▸ **DIRECTIONS FOR THIS TASK**: Would you please print exactly the lines that run from the one with "The Cardiac Rhythm" to the last line of the data, both included, without any pictures?

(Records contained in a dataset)

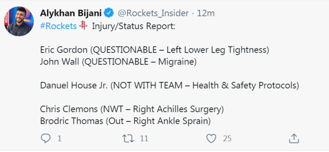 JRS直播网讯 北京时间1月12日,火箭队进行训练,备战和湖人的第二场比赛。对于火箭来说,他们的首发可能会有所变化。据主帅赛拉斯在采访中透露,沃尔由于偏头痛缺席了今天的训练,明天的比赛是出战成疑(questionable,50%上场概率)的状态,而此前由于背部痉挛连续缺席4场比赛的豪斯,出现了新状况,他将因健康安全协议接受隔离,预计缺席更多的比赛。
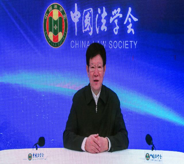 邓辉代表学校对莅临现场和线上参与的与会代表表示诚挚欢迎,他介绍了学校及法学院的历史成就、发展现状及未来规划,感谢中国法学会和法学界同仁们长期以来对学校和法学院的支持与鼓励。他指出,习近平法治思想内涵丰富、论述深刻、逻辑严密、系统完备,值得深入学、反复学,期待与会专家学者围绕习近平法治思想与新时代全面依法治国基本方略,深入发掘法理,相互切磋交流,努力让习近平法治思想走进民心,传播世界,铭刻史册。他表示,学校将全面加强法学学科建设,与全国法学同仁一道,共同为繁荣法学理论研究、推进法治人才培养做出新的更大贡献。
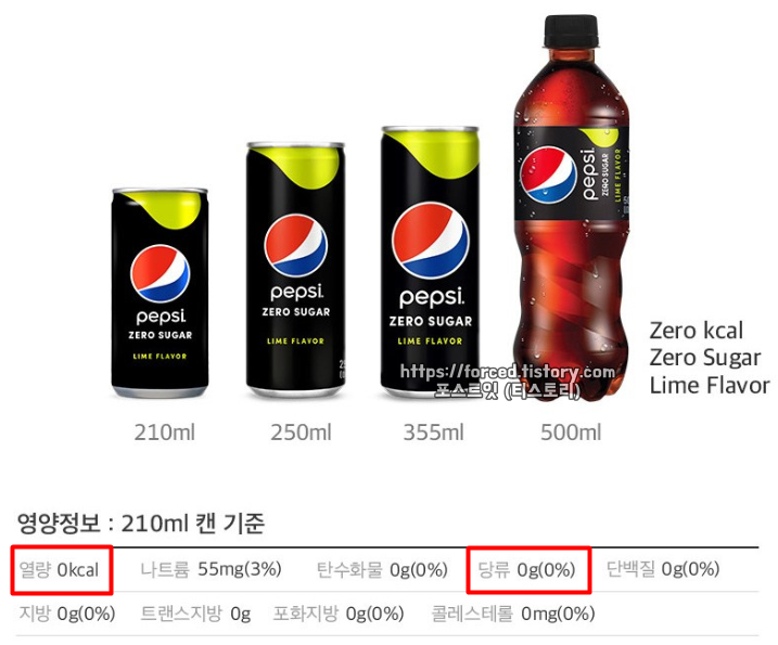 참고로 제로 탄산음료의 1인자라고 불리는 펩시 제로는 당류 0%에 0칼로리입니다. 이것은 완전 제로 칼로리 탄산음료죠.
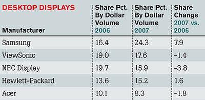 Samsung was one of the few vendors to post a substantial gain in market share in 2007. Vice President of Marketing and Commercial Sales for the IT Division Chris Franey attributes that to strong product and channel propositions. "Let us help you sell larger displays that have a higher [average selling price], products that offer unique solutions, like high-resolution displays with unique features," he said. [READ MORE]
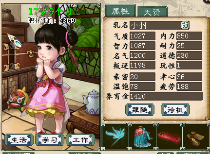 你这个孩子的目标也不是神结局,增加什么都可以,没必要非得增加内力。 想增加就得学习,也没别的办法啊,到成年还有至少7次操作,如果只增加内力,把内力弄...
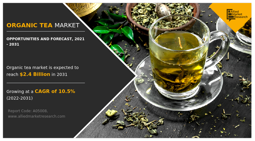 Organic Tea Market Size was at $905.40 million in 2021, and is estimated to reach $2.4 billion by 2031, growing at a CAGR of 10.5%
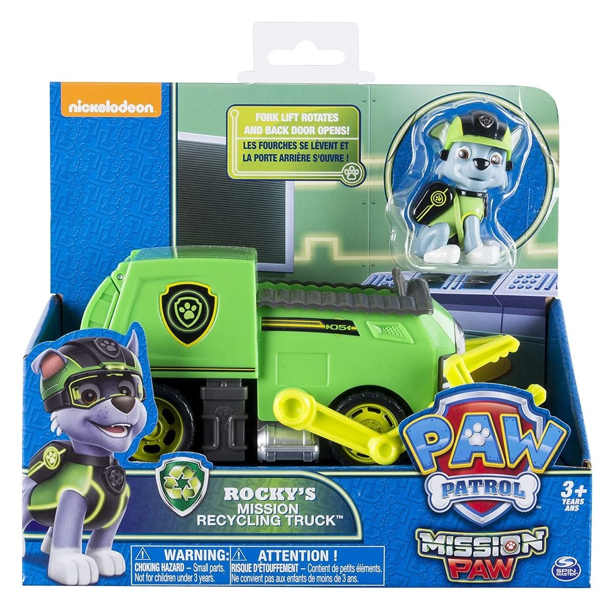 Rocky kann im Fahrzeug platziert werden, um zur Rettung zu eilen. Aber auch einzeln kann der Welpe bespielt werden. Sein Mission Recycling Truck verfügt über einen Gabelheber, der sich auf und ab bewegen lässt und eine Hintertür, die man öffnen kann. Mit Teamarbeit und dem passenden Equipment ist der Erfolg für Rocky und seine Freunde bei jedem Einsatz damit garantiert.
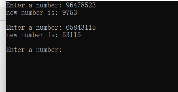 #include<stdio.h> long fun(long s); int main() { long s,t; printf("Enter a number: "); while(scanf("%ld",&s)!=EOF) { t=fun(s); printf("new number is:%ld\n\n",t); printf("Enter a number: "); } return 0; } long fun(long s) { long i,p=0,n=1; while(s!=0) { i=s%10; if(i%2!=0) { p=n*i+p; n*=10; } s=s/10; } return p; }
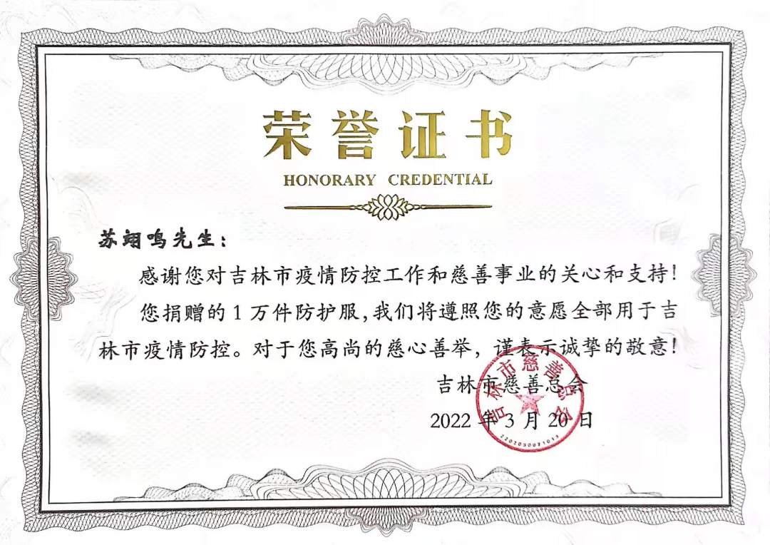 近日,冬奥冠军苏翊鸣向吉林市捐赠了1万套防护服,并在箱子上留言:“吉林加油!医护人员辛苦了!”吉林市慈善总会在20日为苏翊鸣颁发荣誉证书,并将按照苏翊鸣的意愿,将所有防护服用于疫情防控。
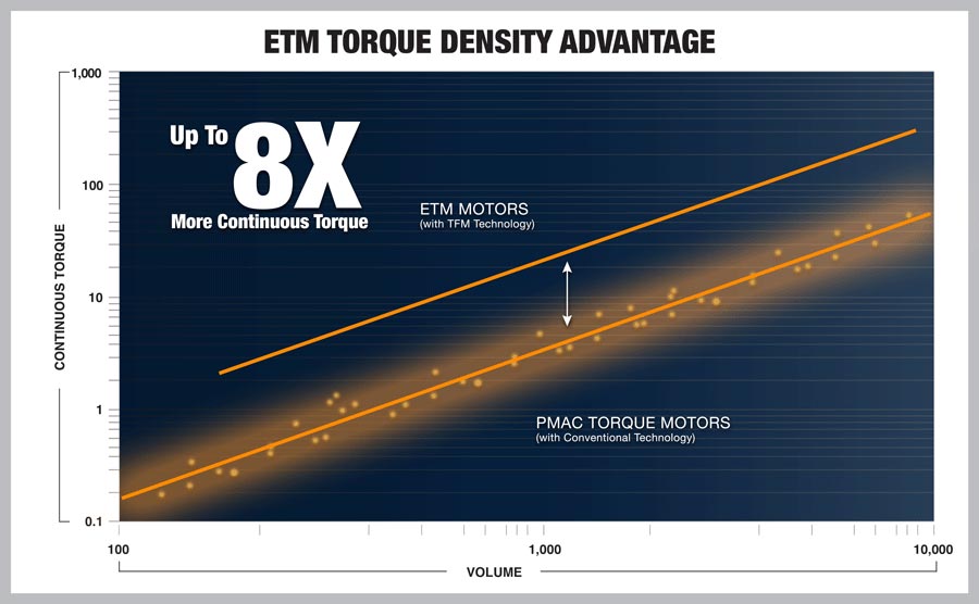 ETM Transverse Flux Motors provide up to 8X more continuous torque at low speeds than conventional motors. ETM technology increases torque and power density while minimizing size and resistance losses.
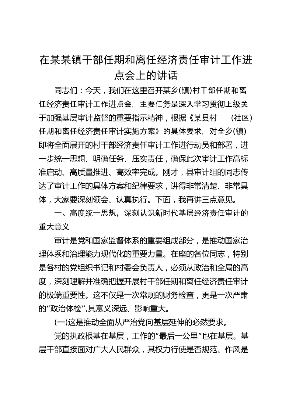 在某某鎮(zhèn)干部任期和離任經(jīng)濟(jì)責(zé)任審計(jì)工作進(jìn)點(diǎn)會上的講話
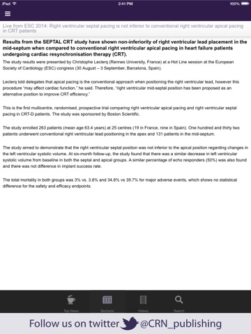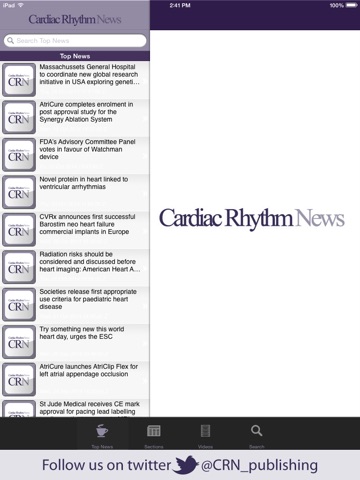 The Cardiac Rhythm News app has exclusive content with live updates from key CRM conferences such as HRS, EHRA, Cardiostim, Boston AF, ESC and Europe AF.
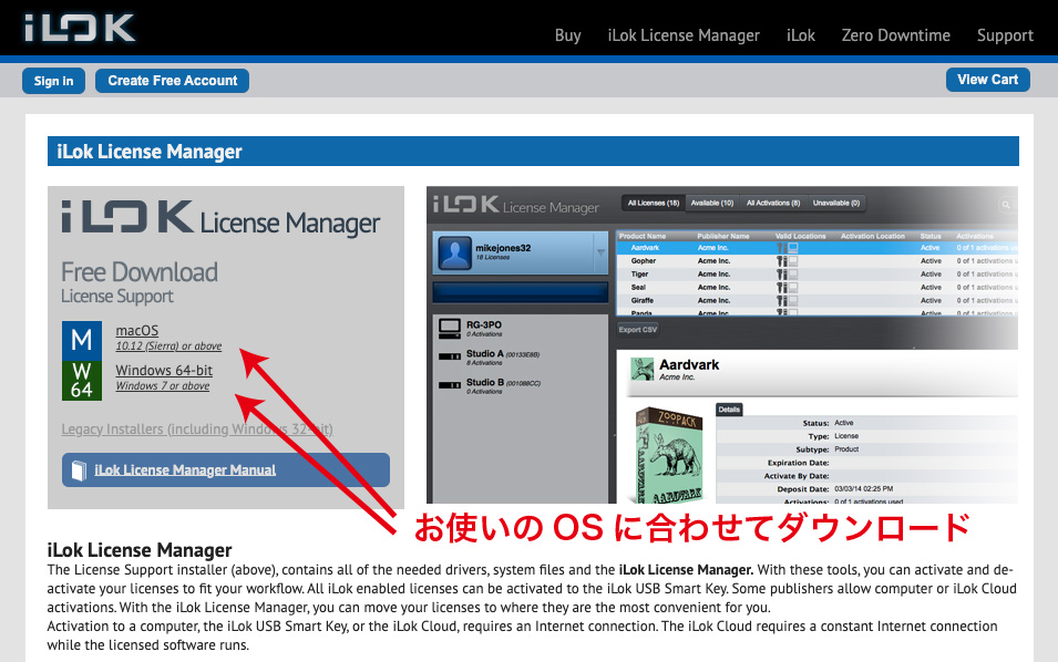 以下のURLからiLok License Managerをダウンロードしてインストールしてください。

▸ **RESULT FOR THIS TASK**:
 The Cardiac Rhythm News app has exclusive content with live updates from key CRM conferences such as HRS, EHRA, Cardiostim, Boston AF, ESC and Europe AF.
 以下のURLからiLok License Managerをダウンロードしてインストールしてください。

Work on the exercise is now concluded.